I really need some guidance about how I should approach a conversation with my girlfriend. We are in a triad. I am the "new" person in the relationship with her and our bf. They were together for four years before we met. This is also a little bit of a rant. I have no one to talk to who really understands what this experience is like!
Long story short, we are all madly in love with each other. Sarah, though, is not comfortable giving Tom and I freedom when she is not around. What this means is that she wants to know everything we do, does not want us to be intimate when she is not there, and wants to know everything we talk about. She becomes agitated, and hurt when she finds out even the most mundane details that she was not privy to. I feel controlled by her. I feel stifled in this relationship, and I don't know how to talk to her.

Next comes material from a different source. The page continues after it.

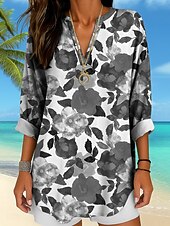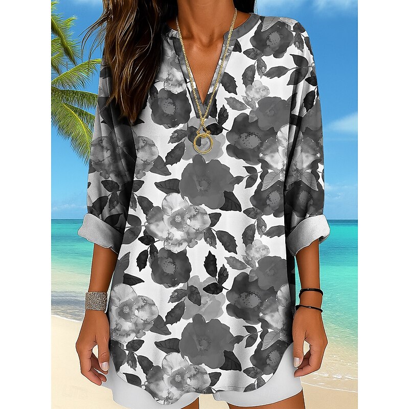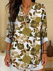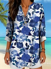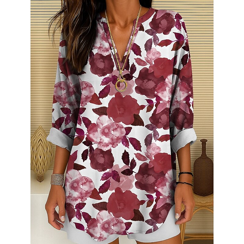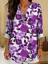 More information about Women's Blouse Tunic V Neck Long Sleeve Boho Casual Floral Graphic Vintage Tropical Regular Tops Daily Wear Print Yellow Red Blue Purple Green

I have communicated my feelings and she often misinterprets my message. She thinks it is all about wanting to have sex when she is not there. Yes, that is part of it, one small part of a larger picture. I try to tell her that I would like her to find joy in any love expressed between the three of us, even when she is not there, the way that I feel joy when they (sarah and Tom) get to express love. I don't think she understands how demeaning it feels to be controlled like this, how much it goes against who I am. She is also an EXTREME people pleaser, with a history of trauma. This makes me extremely apprehensive to express myself with her because she is very sensitive and I don't want to put pressure on her, or hurt her feelings, or coerce her into a situation she is not comfortable with. I basically, don't want to take advantage of her.
I have to say I am not a victim here. I entered this relationship knowing how Sarah is. I did not choose to fall in love with them, but I did choose to pursue a relationship with them. I am just having a hard time finding the balance between loving Sarah and wanting to accommodate her, but feeling like I am being compromised and suppressed. Then there is the added challenge of communicating this in an effective manner.
Any feedback would be greatly appreciated!!!!